When the health insurance marketplaces open on Sunday, consumers shopping for 2016 coverage may encounter steeper premium increases than last year and more plans that offer no out-of-network coverage.
According to an analysis released Monday evening by the Health and Human Services Department, the cost of the second-lowest silver plan in states using the federal marketplace will rise an average of 7.5 percent for 2016 coverage. Silver plans are the most popular type of marketplace plan. They pay 70 percent of medical costs, on average, leaving consumers to cover 30 percent. And premium tax credits that are available to people with incomes up to 400 percent of the federal poverty level — about $47,000 for one person — are benchmarked to the second-cheapest silver plan.

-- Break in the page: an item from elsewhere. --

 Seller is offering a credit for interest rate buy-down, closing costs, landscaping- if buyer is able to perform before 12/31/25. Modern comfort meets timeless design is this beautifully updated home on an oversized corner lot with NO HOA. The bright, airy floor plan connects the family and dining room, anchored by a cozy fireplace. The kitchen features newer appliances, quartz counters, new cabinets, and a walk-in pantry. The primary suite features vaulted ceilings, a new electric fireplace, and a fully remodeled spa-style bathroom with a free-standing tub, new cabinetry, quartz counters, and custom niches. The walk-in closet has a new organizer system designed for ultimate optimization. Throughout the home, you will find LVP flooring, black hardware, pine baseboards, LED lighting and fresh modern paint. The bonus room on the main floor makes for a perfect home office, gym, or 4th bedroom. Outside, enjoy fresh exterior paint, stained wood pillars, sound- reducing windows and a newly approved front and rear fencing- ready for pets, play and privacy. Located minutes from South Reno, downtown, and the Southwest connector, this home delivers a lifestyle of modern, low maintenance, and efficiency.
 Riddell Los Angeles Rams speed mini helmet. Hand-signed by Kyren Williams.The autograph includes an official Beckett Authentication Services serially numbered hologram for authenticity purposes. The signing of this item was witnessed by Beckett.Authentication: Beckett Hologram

But the overall increase doesn’t tell the whole story for those shopping for insurance in the individual market — generally people who don’t get coverage through their work. Depending on the market, consumers may see larger or smaller increases or even declines in premiums. Premium changes for the second-lowest cost silver plan ranged from a 13 percent average decrease in Indiana to a 36 percent average increase in Oklahoma.
The consulting firm McKinsey & Company earlier had analyzed premiums reported in 26 states and found that in more than half of the rating areas in those states there will be a new insurer offering the lowest-cost silver plan next year.

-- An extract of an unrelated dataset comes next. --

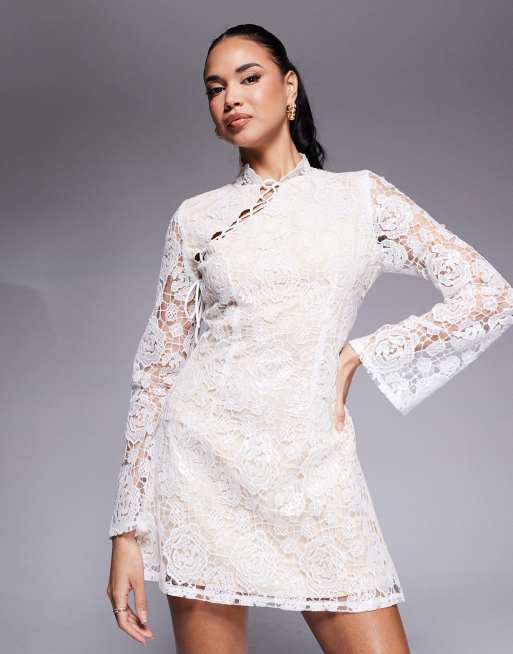 Rare London – Minikleid aus Spitze in Weiß mit asymmetrischer Schnürung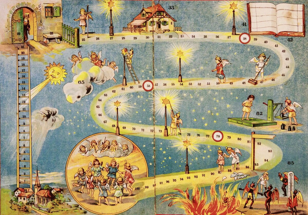 Старинная настольная игра . Распечатайте и поиграйте с вашими малышами в рождественский вечер . Вам понадобится игровой кубик и фишки .

“It’s indicative of the price jockeying that’s still going on in the market,” says Erica Coe, co-leader of McKinsey’s Center for U.S. Health System Reform. “If consumers want to have the lowest cost silver plan, they’ll have to shop.”
The open enrollment season for marketplace coverage runs from Nov. 1 through Jan. 31. People who want coverage to begin on Jan. 1 must buy a plan by Dec. 15.
Although most consumers zero in on premiums when comparing plans, next year it could be especially important to pay attention to the network of doctors and hospitals that are part of the plans that they’re considering. There will likely be fewer plans that cover broad networks of providers, says Kathy Hempstead, who directs health insurance coverage issues for the Robert Wood Johnson Foundation. In addition, a growing number of marketplace plans will cover only doctors or hospitals in their provider networks.
“The PPO and POS categories are definitely shrinking,” Hempstead says, referring to preferred provider organization and point of service plans, both of which typically offer coverage of out-of-network providers, although consumers generally have to pay a larger share of the cost. Instead, consumers may see more health maintenance organizations that don’t provide any out-of-network coverage.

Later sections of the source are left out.